## What you have to do
Skip the images. Copy the records exactly as written.

## Input data
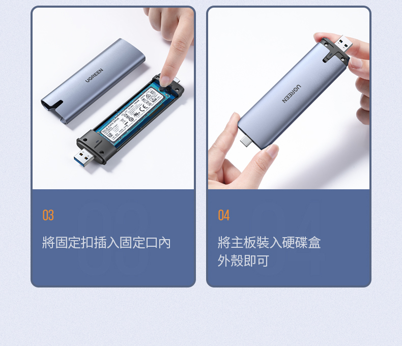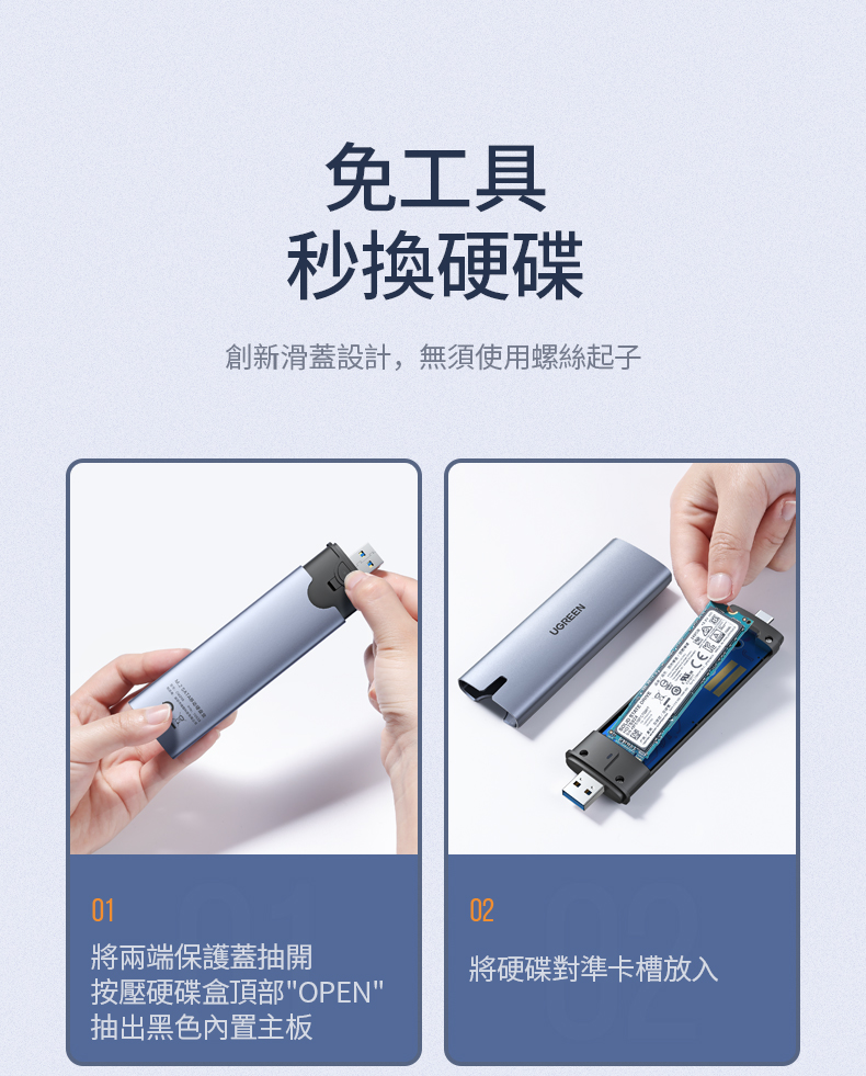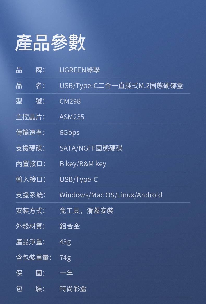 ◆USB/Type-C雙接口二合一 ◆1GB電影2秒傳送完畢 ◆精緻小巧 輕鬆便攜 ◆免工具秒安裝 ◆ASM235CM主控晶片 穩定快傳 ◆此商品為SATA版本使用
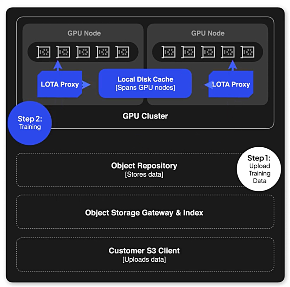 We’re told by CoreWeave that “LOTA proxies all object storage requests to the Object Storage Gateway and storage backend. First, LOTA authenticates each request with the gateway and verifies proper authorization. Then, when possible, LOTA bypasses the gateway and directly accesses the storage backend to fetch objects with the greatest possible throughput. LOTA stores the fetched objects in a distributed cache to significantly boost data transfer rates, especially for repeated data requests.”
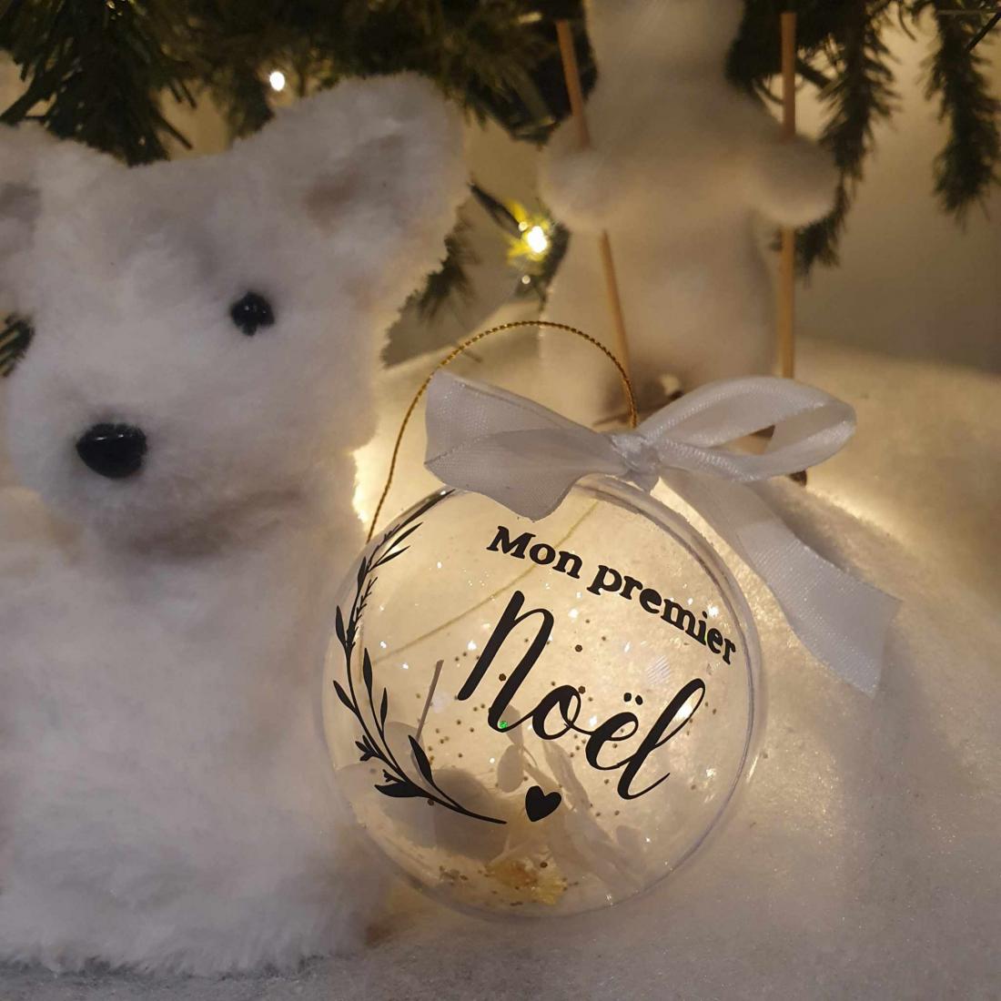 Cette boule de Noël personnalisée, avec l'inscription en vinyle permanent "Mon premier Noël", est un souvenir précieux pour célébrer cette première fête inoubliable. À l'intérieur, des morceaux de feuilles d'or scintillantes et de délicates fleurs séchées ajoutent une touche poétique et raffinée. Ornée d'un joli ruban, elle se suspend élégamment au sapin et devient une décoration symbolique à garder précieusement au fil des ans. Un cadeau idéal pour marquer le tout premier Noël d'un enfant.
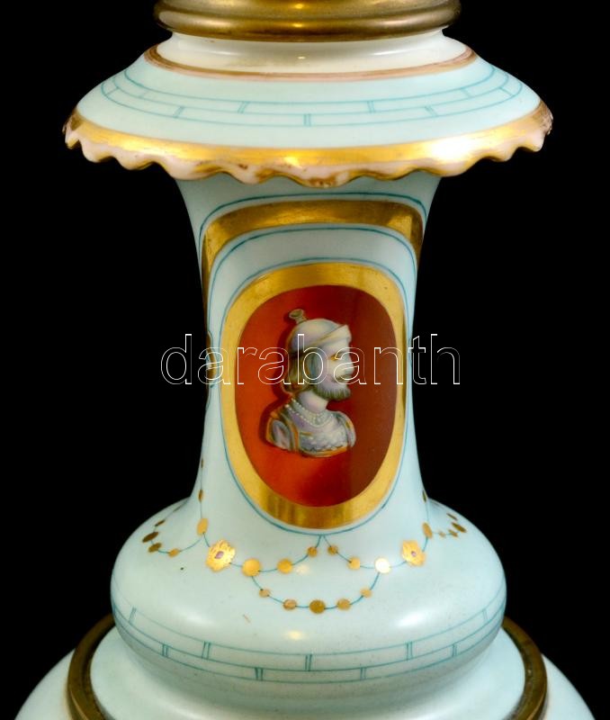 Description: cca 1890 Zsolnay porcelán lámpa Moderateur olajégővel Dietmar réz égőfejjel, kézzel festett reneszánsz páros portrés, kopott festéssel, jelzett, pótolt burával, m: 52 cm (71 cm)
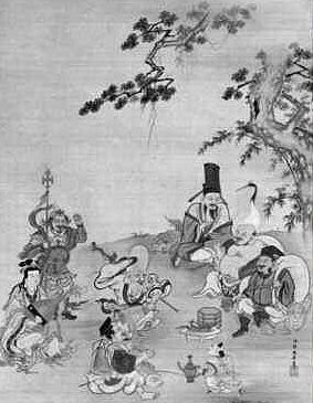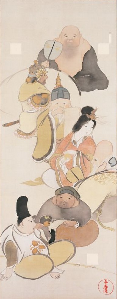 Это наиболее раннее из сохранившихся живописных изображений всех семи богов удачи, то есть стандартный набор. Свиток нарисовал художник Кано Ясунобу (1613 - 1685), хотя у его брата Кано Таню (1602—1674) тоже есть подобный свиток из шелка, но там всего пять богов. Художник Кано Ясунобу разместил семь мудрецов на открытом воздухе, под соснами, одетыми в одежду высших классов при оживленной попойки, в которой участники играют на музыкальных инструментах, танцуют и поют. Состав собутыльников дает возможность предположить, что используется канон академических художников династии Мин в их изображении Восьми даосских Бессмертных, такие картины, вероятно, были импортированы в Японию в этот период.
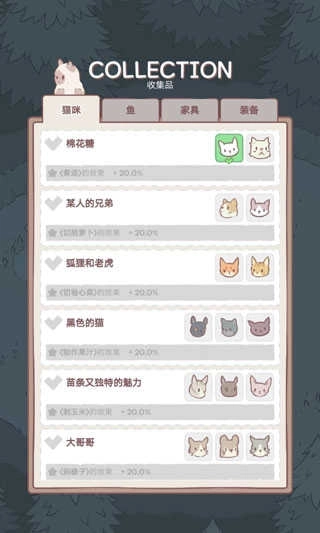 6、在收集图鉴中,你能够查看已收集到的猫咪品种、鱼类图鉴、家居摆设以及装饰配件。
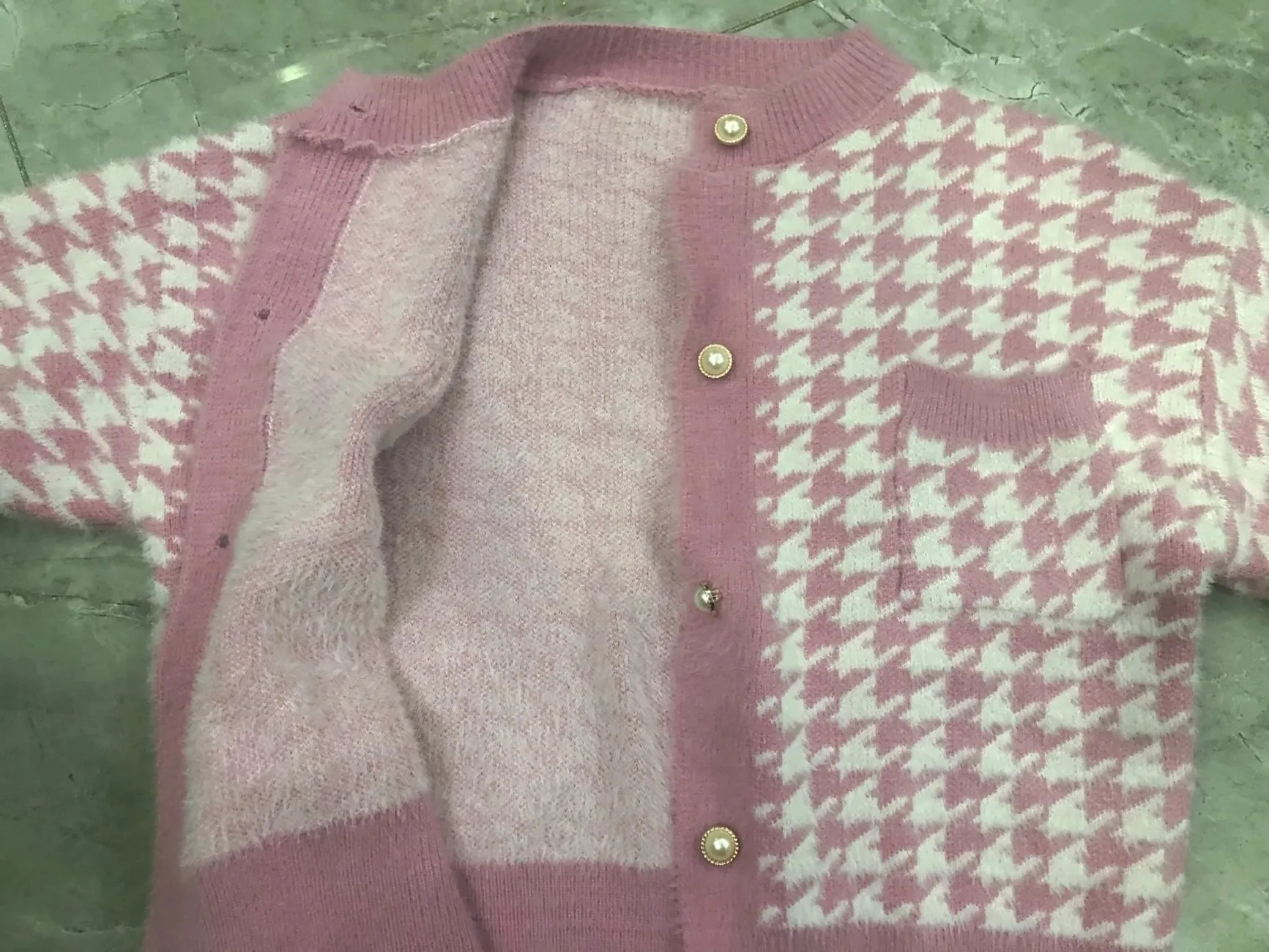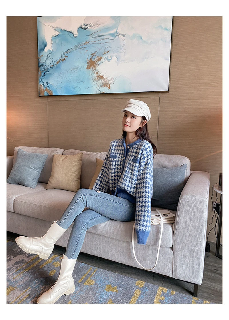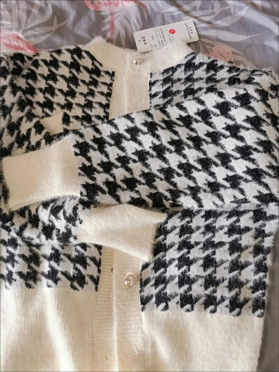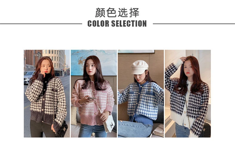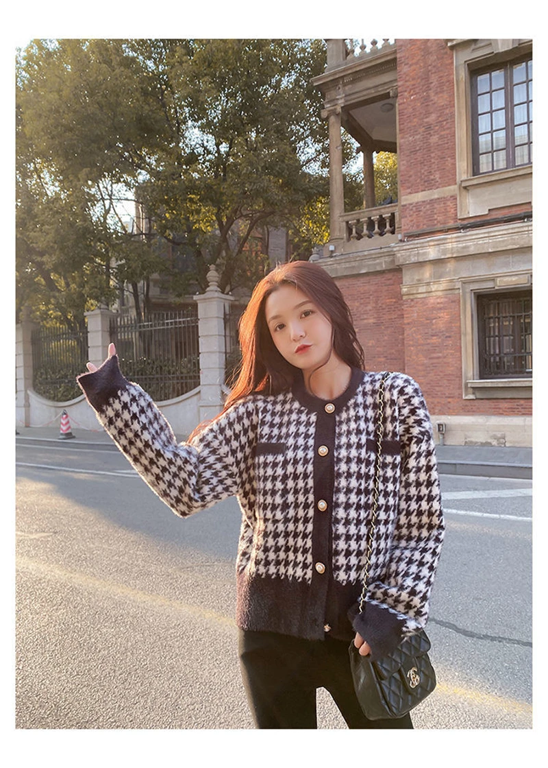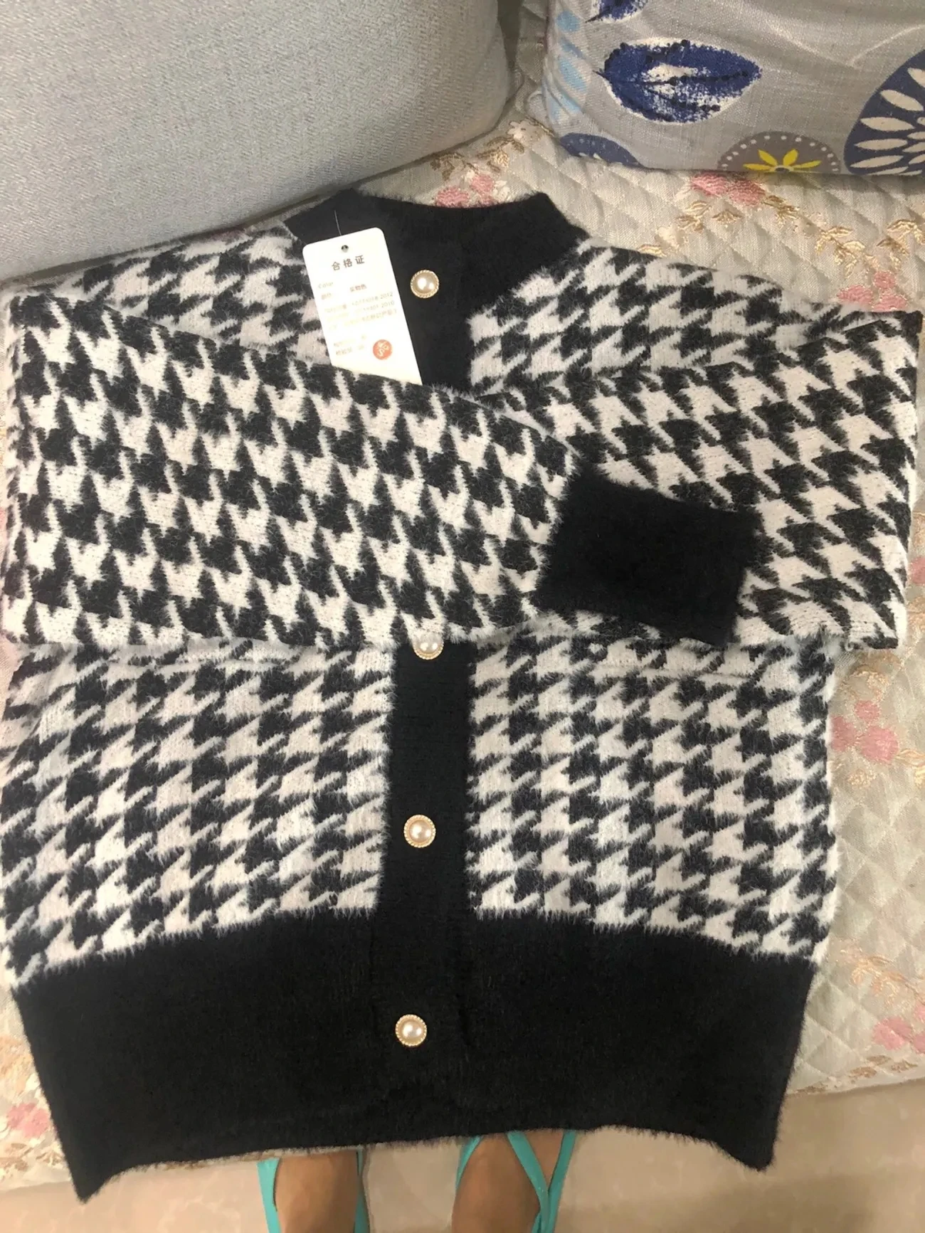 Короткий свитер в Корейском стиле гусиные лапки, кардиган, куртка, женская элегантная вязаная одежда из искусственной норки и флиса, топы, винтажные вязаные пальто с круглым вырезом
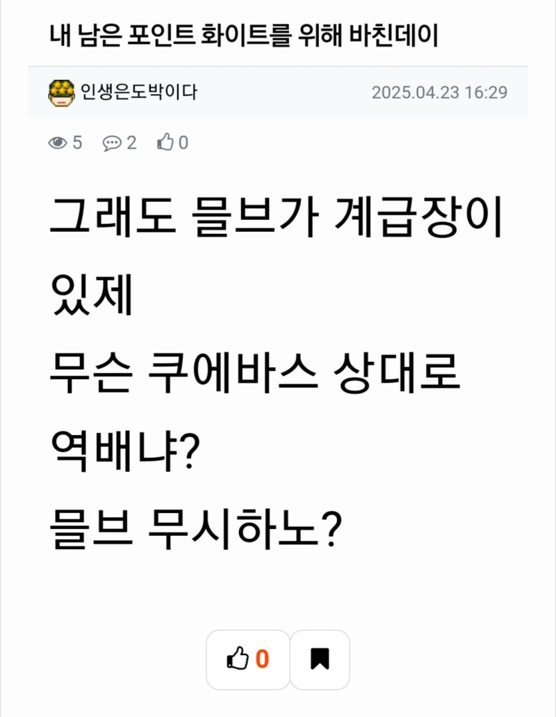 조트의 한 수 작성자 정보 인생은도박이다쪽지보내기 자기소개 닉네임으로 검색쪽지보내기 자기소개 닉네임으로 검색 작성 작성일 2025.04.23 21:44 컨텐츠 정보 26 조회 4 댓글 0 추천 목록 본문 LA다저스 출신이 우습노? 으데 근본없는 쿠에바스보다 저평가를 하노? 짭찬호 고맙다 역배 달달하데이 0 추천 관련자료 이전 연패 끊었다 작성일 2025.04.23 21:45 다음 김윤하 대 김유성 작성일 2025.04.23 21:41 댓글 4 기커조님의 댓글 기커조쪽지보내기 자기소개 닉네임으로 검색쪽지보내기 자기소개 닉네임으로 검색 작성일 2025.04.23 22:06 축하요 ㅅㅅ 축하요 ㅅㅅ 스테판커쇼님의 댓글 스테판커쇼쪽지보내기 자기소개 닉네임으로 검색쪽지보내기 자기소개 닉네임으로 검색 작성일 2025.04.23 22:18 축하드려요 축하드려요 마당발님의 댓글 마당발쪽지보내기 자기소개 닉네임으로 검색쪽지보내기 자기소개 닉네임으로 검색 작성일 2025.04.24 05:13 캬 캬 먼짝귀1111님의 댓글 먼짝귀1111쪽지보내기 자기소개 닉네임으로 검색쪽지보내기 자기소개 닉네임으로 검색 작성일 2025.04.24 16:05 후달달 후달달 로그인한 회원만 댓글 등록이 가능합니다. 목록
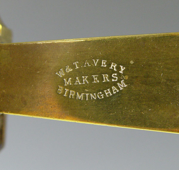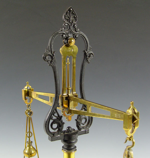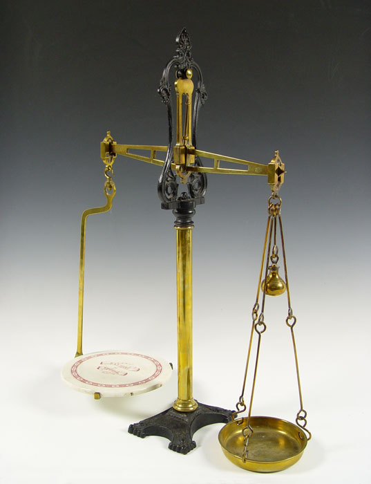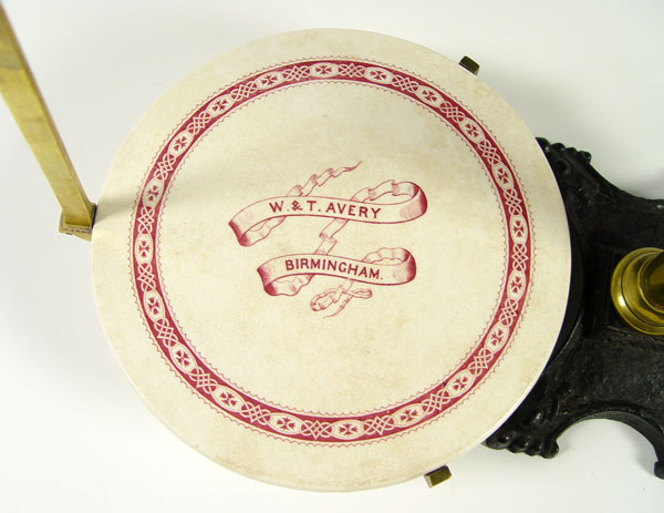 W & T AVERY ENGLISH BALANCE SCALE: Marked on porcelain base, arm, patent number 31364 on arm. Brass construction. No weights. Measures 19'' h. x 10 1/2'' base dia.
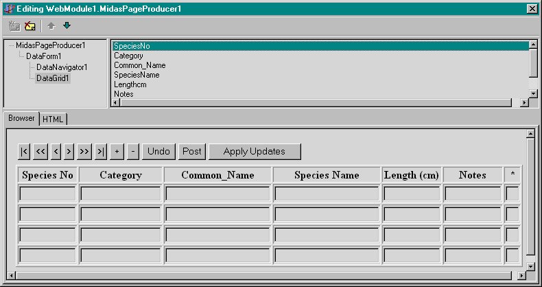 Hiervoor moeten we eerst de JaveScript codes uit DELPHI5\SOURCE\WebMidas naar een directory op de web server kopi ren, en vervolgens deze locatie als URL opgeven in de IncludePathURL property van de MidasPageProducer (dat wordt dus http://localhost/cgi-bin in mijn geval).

## Your response
 ◆USB/Type-C雙接口二合一 ◆1GB電影2秒傳送完畢 ◆精緻小巧 輕鬆便攜 ◆免工具秒安裝 ◆ASM235CM主控晶片 穩定快傳 ◆此商品為SATA版本使用
 We’re told by CoreWeave that “LOTA proxies all object storage requests to the Object Storage Gateway and storage backend. First, LOTA authenticates each request with the gateway and verifies proper authorization. Then, when possible, LOTA bypasses the gateway and directly accesses the storage backend to fetch objects with the greatest possible throughput. LOTA stores the fetched objects in a distributed cache to significantly boost data transfer rates, especially for repeated data requests.”
 Cette boule de Noël personnalisée, avec l'inscription en vinyle permanent "Mon premier Noël", est un souvenir précieux pour célébrer cette première fête inoubliable. À l'intérieur, des morceaux de feuilles d'or scintillantes et de délicates fleurs séchées ajoutent une touche poétique et raffinée. Ornée d'un joli ruban, elle se suspend élégamment au sapin et devient une décoration symbolique à garder précieusement au fil des ans. Un cadeau idéal pour marquer le tout premier Noël d'un enfant.
 Description: cca 1890 Zsolnay porcelán lámpa Moderateur olajégővel Dietmar réz égőfejjel, kézzel festett reneszánsz páros portrés, kopott festéssel, jelzett, pótolt burával, m: 52 cm (71 cm)
 Это наиболее раннее из сохранившихся живописных изображений всех семи богов удачи, то есть стандартный набор. Свиток нарисовал художник Кано Ясунобу (1613 - 1685), хотя у его брата Кано Таню (1602—1674) тоже есть подобный свиток из шелка, но там всего пять богов. Художник Кано Ясунобу разместил семь мудрецов на открытом воздухе, под соснами, одетыми в одежду высших классов при оживленной попойки, в которой участники играют на музыкальных инструментах, танцуют и поют. Состав собутыльников дает возможность предположить, что используется канон академических художников династии Мин в их изображении Восьми даосских Бессмертных, такие картины, вероятно, были импортированы в Японию в этот период.
 6、在收集图鉴中,你能够查看已收集到的猫咪品种、鱼类图鉴、家居摆设以及装饰配件。
 Короткий свитер в Корейском стиле гусиные лапки, кардиган, куртка, женская элегантная вязаная одежда из искусственной норки и флиса, топы, винтажные вязаные пальто с круглым вырезом
 조트의 한 수 작성자 정보 인생은도박이다쪽지보내기 자기소개 닉네임으로 검색쪽지보내기 자기소개 닉네임으로 검색 작성 작성일 2025.04.23 21:44 컨텐츠 정보 26 조회 4 댓글 0 추천 목록 본문 LA다저스 출신이 우습노? 으데 근본없는 쿠에바스보다 저평가를 하노? 짭찬호 고맙다 역배 달달하데이 0 추천 관련자료 이전 연패 끊었다 작성일 2025.04.23 21:45 다음 김윤하 대 김유성 작성일 2025.04.23 21:41 댓글 4 기커조님의 댓글 기커조쪽지보내기 자기소개 닉네임으로 검색쪽지보내기 자기소개 닉네임으로 검색 작성일 2025.04.23 22:06 축하요 ㅅㅅ 축하요 ㅅㅅ 스테판커쇼님의 댓글 스테판커쇼쪽지보내기 자기소개 닉네임으로 검색쪽지보내기 자기소개 닉네임으로 검색 작성일 2025.04.23 22:18 축하드려요 축하드려요 마당발님의 댓글 마당발쪽지보내기 자기소개 닉네임으로 검색쪽지보내기 자기소개 닉네임으로 검색 작성일 2025.04.24 05:13 캬 캬 먼짝귀1111님의 댓글 먼짝귀1111쪽지보내기 자기소개 닉네임으로 검색쪽지보내기 자기소개 닉네임으로 검색 작성일 2025.04.24 16:05 후달달 후달달 로그인한 회원만 댓글 등록이 가능합니다. 목록
 W & T AVERY ENGLISH BALANCE SCALE: Marked on porcelain base, arm, patent number 31364 on arm. Brass construction. No weights. Measures 19'' h. x 10 1/2'' base dia.
 Hiervoor moeten we eerst de JaveScript codes uit DELPHI5\SOURCE\WebMidas naar een directory op de web server kopi ren, en vervolgens deze locatie als URL opgeven in de IncludePathURL property van de MidasPageProducer (dat wordt dus http://localhost/cgi-bin in mijn geval).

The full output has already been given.